The  is a nuclear power plant located in the town of Shika, Ishikawa, Japan. It is owned and operated by the Hokuriku Electric Power Company.  It is on a site that is 1.6 km2 (395 acres). The plant is currently not producing electricity in the wake of the 2011 Fukushima Daiichi nuclear disaster.

Reactors on site

1999 criticality event
On June 18, 1999 during an inspection, an emergency control rod insertion was to be performed on Unit 1. One rod was to be inserted into the reactor, however, due to improper following of the procedure, instead of one rod inserting, 3 rods withdrew. For the next 15 minutes, the reactor was in a critical state (producing heat). This event was not revealed until March 15, 2007, since it was covered up in the records. Unit 1 remained shut down, pending judicial and bureaucratic evaluation.

Immediately after the event was revealed, the president of the Hokuriku Electric Power Company was called to the Ministry of Economy, Trade and Industry office and ordered to shut down the unit 1 reactor. This was not the same president as when the event happened in 1999.

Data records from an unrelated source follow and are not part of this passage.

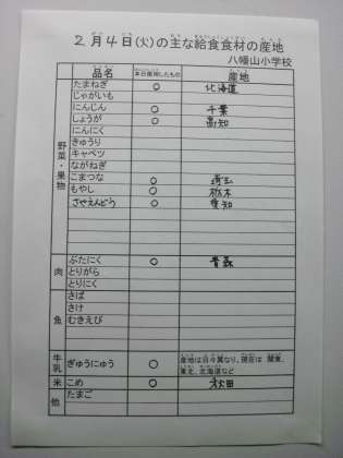 2月4日の主な給食食材の産地です。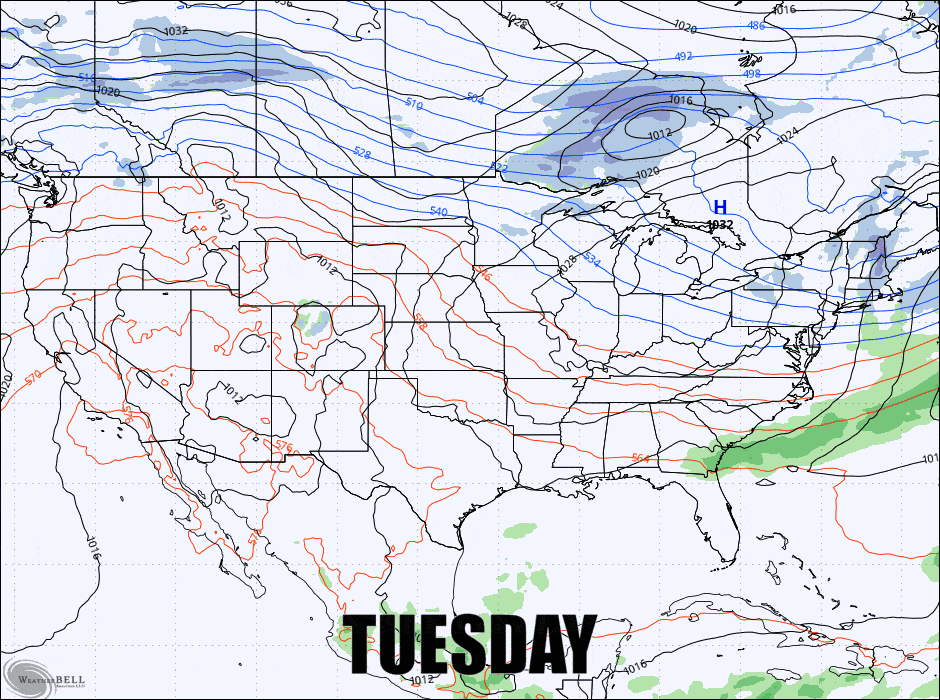 We'll stay in northwest flow until Thursday when the first of two waves comes through the Northeast which will flatten out the flow. Thursday shows some possibilities in the far northern reaches of the Northeast but at this time Friday does not, though that could change for better or for worse on both days. Behind those storms we'll drop back into northwest flow again and a large trough should dominate during the weekend bringing a refreeze to the wetted areas with limited daytime melting on Saturday and Sunday. Here's what the GFS currently shows through Sunday.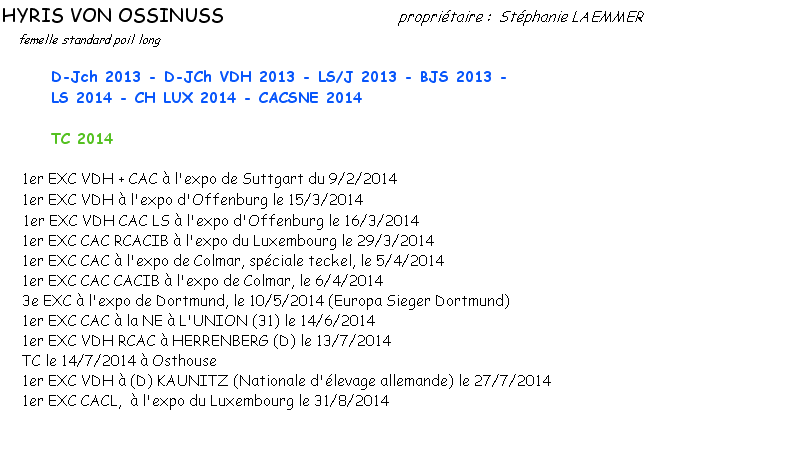 IDOLINA VON OSSINUSS propriétaire : Jocelyne SCHOEN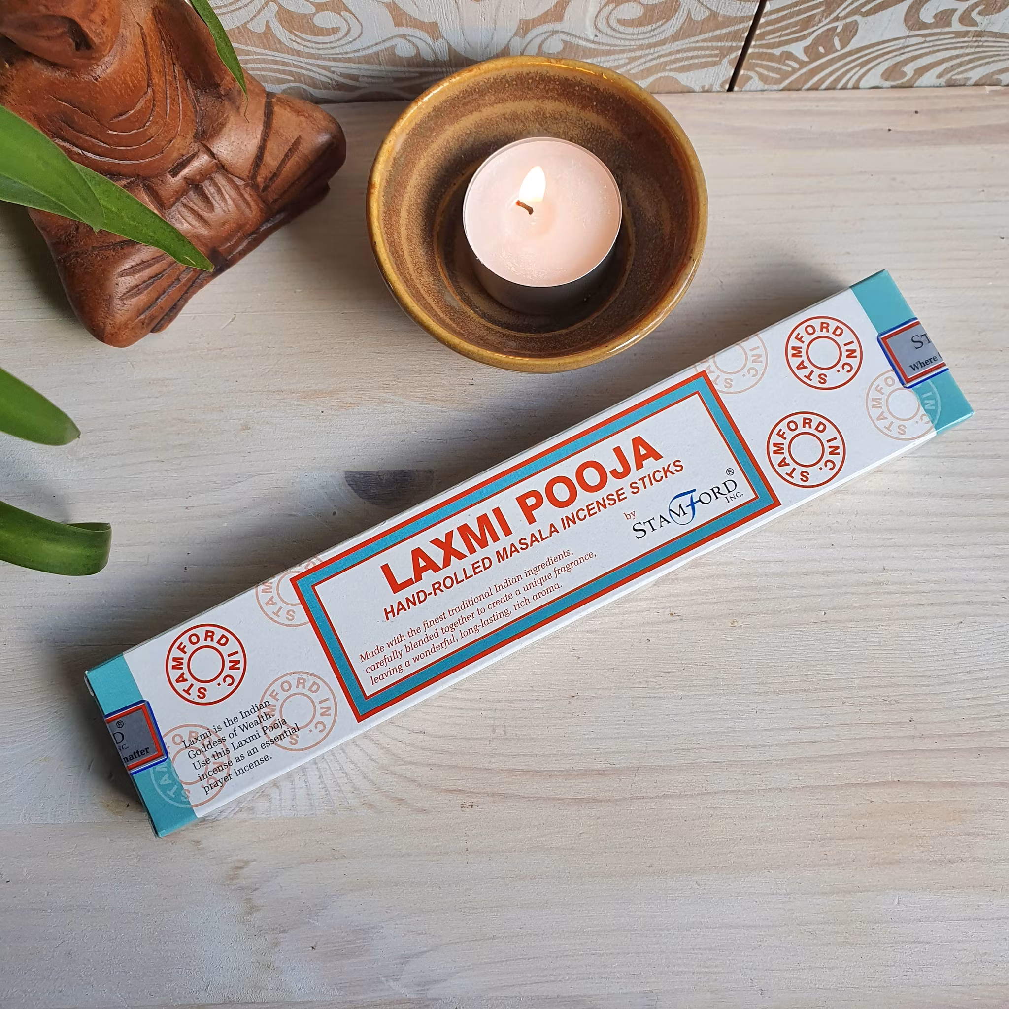 Stamford Masala Rökelse Stickor, användes tillsammans med rökelsehållare. Gudinnan Laxmi är en gudinna för rikedom, en rökelse för bön.

In April 2007 the event had been provisionally categorized as an INES level-2 incident.

On June 5, 2007 the committee chairman of the Japan Nuclear Safety Commission inspected the control rod housing and drive mechanisms and evaluated that the event was due to cutting corners. He also concluded that the reactor operators at the time were under a lot of pressures from above, and simply punishing the operators would not be an effective deterrent for future accidents. One proposed measure was to have alarms automatically record when they go off so that records can not be altered.

A lower court had ordered the entire plant to be shut down, but that decision was later overturned by Nagoya's high court. The utility put in a request to the Ishikawa prefectural government and the town of Shika for the restart of unit 1. The unit returned to power on May 11, 2009 and resumed commercial operation on May 13.

Construction of an anti-tsunami-wall
On Wednesday 5 October 2011 a start was made with the construction of a reinforced concrete wall, that should shield the reactors against a possible tsunami. The wall was designed 4 meters high and 700 meters long, 11 meters above sea level. This was done to comply with extra governmental instructions ordered after the Fukushima Daiichi nuclear disaster. Next to this a new drainage gate was to be installed to minimize damage to plant facilities in case seawater would be able to climb over the wall and would submerge the plant. Other emergency safety measures included the installing of an extra pump to cool the reactors with seawater and an extra power source to operate a valve for venting steam out of reactors. Construction should be completed by the end of March 2013.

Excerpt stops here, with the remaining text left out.